[Start of section]

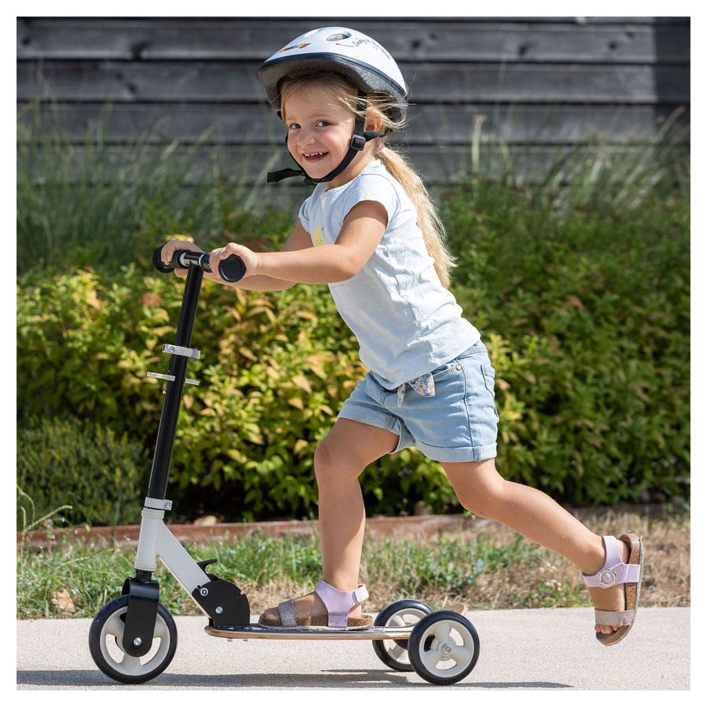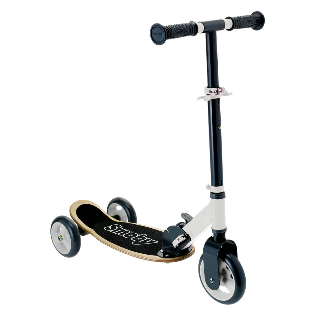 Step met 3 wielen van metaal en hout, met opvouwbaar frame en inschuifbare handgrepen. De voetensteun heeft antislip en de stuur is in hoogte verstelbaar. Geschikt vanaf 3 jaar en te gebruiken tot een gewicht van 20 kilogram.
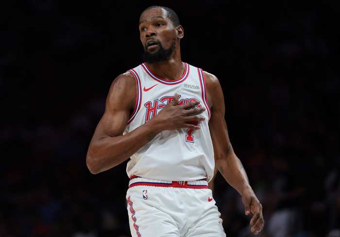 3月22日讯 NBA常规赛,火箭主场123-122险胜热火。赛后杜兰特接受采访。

[End of section]
[Start of section]

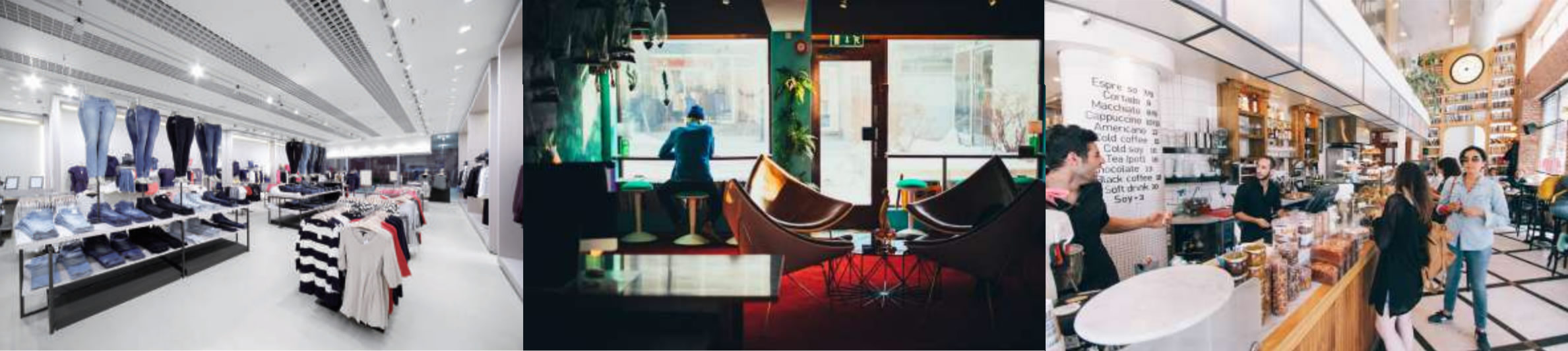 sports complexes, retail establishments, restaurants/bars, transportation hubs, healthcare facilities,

[End of section]

**What you will do**
Look above for the line containing "Step met 3 wielen" and the line containing "3月22日讯 NBA常规赛,火箭主场12", then reproduce both and everything between them exactly, pictures omitted.

**Solution**
 Step met 3 wielen van metaal en hout, met opvouwbaar frame en inschuifbare handgrepen. De voetensteun heeft antislip en de stuur is in hoogte verstelbaar. Geschikt vanaf 3 jaar en te gebruiken tot een gewicht van 20 kilogram.
 3月22日讯 NBA常规赛,火箭主场123-122险胜热火。赛后杜兰特接受采访。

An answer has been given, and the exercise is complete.